### Records supplied

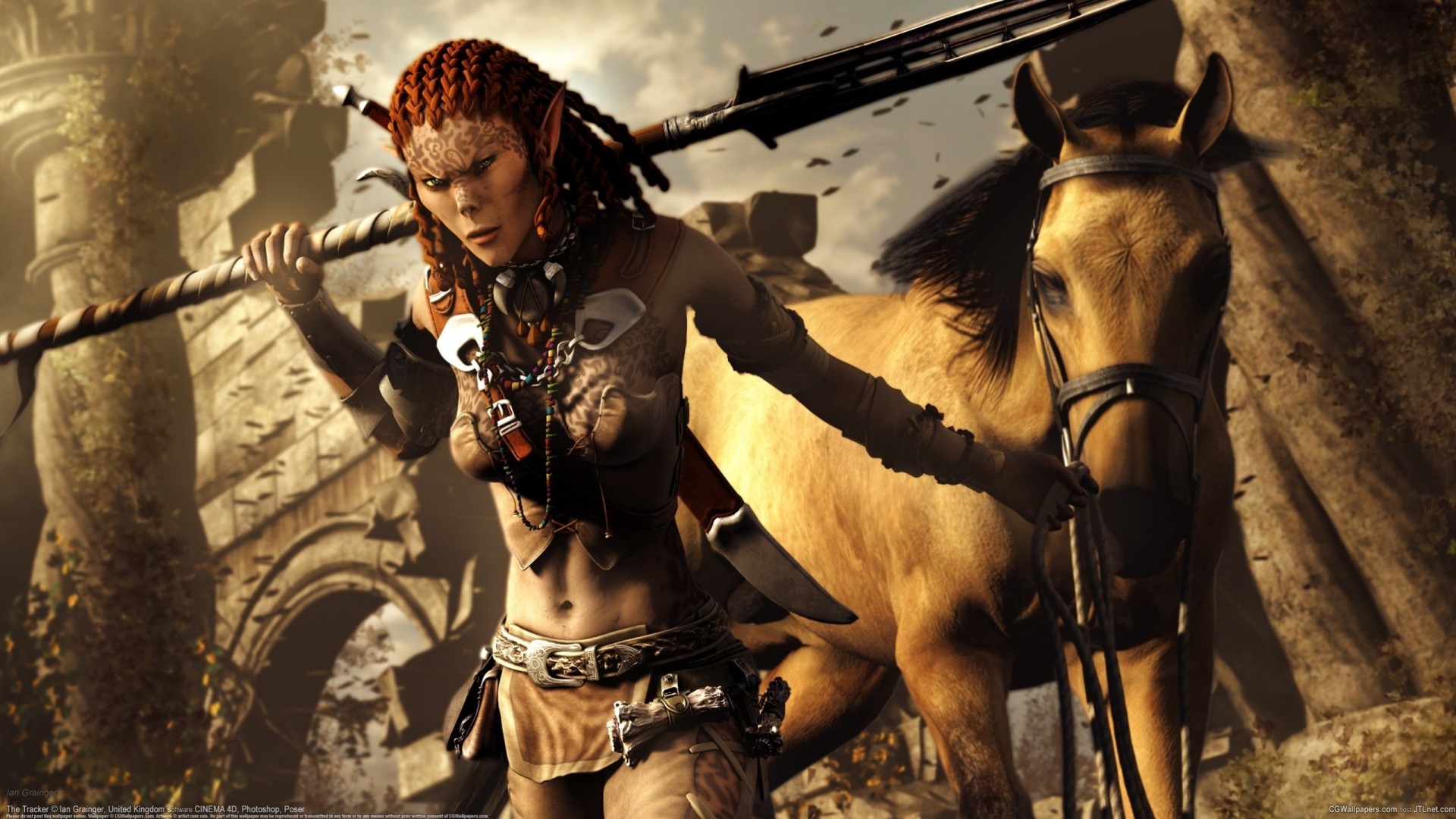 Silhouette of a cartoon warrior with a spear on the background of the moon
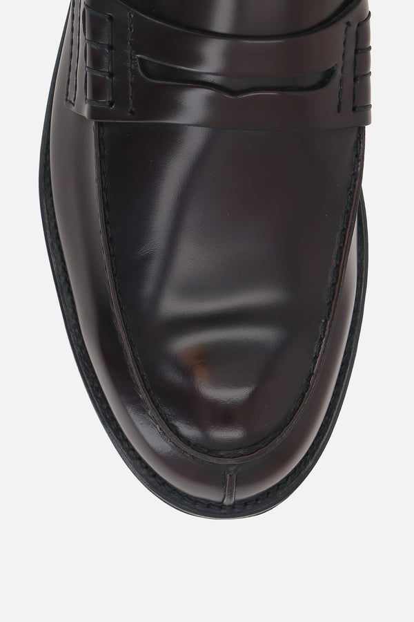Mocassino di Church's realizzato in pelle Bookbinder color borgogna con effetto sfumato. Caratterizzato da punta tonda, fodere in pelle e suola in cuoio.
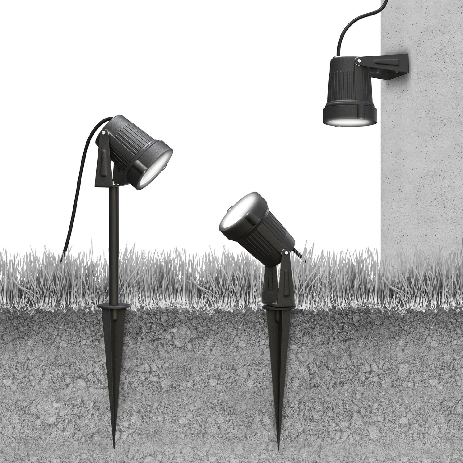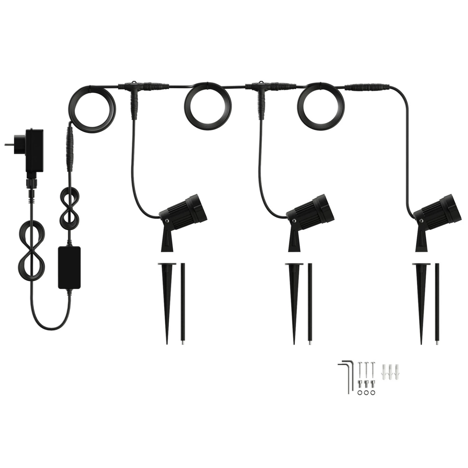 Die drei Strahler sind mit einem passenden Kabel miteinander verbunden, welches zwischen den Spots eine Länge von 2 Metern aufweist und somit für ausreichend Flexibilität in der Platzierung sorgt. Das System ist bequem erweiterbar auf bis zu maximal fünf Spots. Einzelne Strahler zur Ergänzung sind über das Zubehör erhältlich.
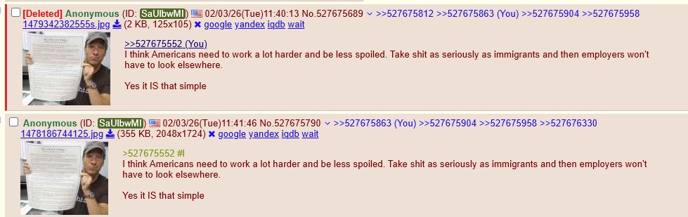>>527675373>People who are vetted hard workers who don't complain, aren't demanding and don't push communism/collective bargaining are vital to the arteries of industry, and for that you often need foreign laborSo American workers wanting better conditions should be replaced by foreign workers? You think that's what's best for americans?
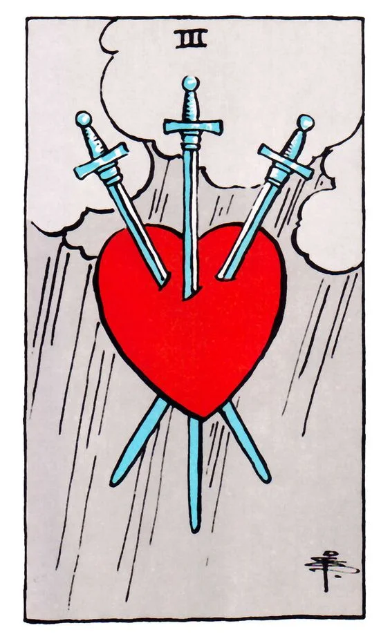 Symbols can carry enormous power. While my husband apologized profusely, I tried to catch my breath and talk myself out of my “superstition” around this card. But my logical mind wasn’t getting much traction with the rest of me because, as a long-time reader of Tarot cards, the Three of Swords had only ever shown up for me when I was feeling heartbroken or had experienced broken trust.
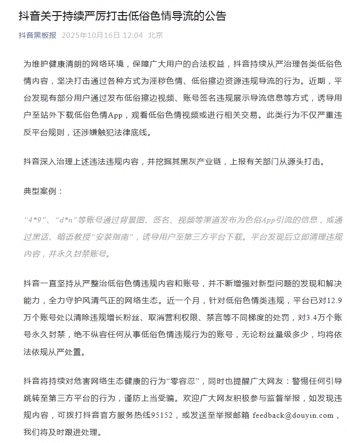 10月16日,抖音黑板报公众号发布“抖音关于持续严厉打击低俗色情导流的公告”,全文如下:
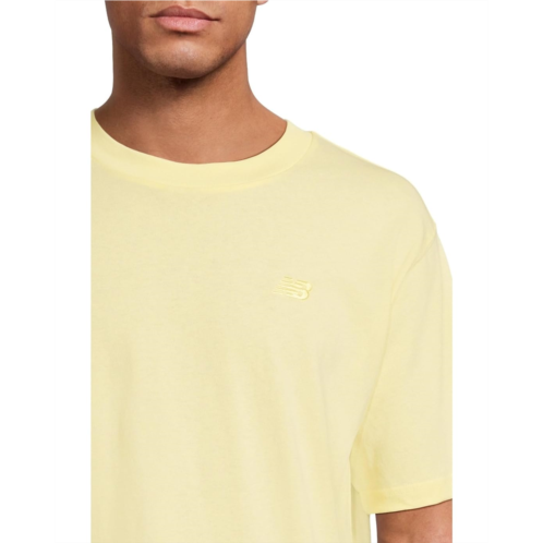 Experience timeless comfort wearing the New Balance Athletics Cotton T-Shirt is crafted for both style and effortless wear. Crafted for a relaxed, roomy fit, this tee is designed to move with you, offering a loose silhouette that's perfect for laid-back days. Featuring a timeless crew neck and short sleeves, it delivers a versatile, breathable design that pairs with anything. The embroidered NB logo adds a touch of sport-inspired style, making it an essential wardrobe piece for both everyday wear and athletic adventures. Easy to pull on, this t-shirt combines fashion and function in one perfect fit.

---

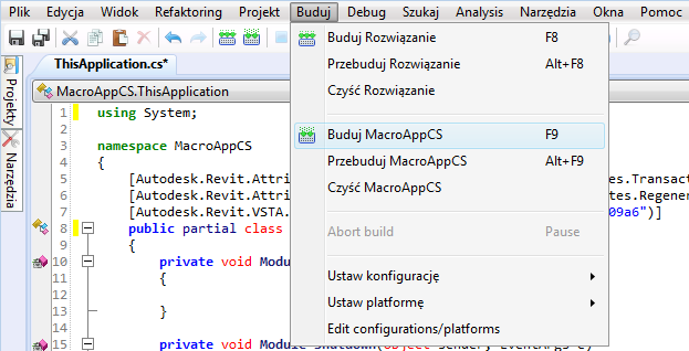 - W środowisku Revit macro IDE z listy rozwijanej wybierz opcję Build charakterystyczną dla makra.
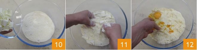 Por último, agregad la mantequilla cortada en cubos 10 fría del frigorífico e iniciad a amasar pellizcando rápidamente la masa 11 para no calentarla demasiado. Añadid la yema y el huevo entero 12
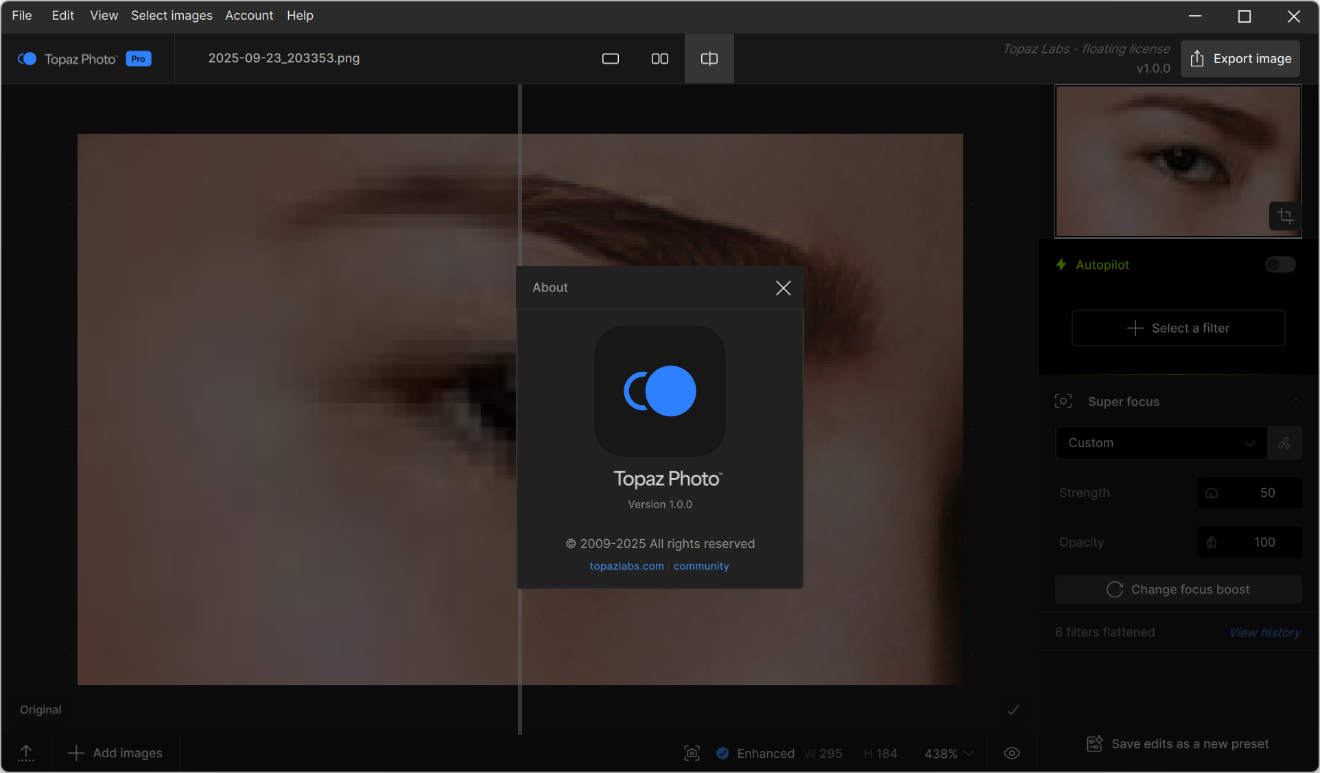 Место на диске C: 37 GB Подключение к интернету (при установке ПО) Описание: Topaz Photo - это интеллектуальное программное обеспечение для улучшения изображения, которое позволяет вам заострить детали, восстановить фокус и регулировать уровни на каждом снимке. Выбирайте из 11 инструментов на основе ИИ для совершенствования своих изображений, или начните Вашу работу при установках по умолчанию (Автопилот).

### Work instructions
Exactly the lines above, from the one containing "Por último, agregad" down to the one containing "Место на диске", are to be repeated, including both ends. Pictures are not part of the copy.

### Exercise solution
 Por último, agregad la mantequilla cortada en cubos 10 fría del frigorífico e iniciad a amasar pellizcando rápidamente la masa 11 para no calentarla demasiado. Añadid la yema y el huevo entero 12
 Место на диске C: 37 GB Подключение к интернету (при установке ПО) Описание: Topaz Photo - это интеллектуальное программное обеспечение для улучшения изображения, которое позволяет вам заострить детали, восстановить фокус и регулировать уровни на каждом снимке. Выбирайте из 11 инструментов на основе ИИ для совершенствования своих изображений, или начните Вашу работу при установках по умолчанию (Автопилот).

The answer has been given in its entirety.